CrossC2 Expands Cobalt Strike Capabilities to Linux and macOS
A new advanced cyber campaign has surfaced, leveraging CrossC2, an unofficial extension of Cobalt Strike, to extend its functionality from Windows systems into Linux and macOS environments.
Multi-Stage Attack Chain
Between September and December 2024, researchers observed a series of incidents involving this cross-platform malware, signaling a major shift from the traditional Windows-centered attacks. The campaign relies on a multi-layered infection chain, beginning with legitimate processes and gradually loading more harmful components.
Attackers combined PsExec, Plink, standard Cobalt Strike modules, and the new CrossC2 extension, building a versatile framework that could breach Active Directory infrastructures across different operating systems.
Evidence shows the campaign was not limited to Japan, as submissions on VirusTotal suggest activity in several other countries as well.

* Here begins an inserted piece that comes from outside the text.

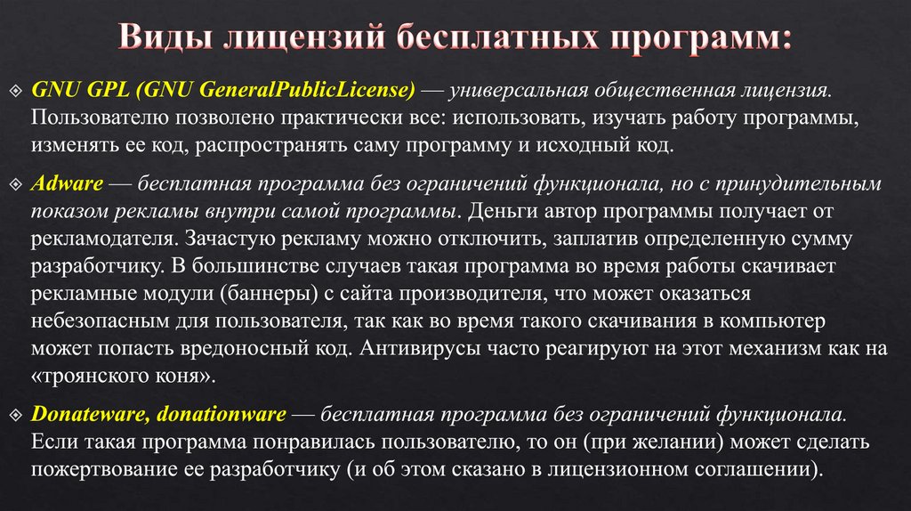 9. Платные программы - эта группа содержит следующие виды лицензий:

Custom Loader: ReadNimeLoader
Analysts at JPCert identified a new malware loader named ReadNimeLoader, specifically crafted to deploy Cobalt Strike payloads.
This loader, developed in the Nim programming language, integrates anti-analysis features that set it apart from conventional malware delivery methods.
The infection chain often begins with java.exe launched via scheduled tasks, which then performs DLL sideloading to execute malicious DLL files.
Advanced Anti-Analysis Techniques
ReadNimeLoader incorporates four unique anti-debugging methods designed to frustrate malware analysts:
- Checking the BeingDebugged flag within the Process Environment Block (PEB)
- Verifying CONTEXT_DEBUG_REGISTER values
- Detecting time discrepancies using elapsed time calculations
- Using exception-based debugging detection
A standout feature is the key generation method. Portions of the decryption key are embedded directly within the anti-analysis functions, making it impossible to retrieve the correct key without executing these protections.
The payload decryption process uses AES-256-ECB encryption, with keys derived through advanced string decoding functions. The malware also integrates two XOR-based decoding methods, and later updates added an additional decode02 function, reflecting continuous development by the threat actors.
Expanding Threat Landscape
This evolution highlights a concerning security trend. Cross-platform malware expansion means that attackers can now compromise systems traditionally considered less at risk. Since many Linux servers lack strong endpoint detection and response (EDR) solutions, adversaries gain longer dwell time and greater opportunity for lateral movement across networks.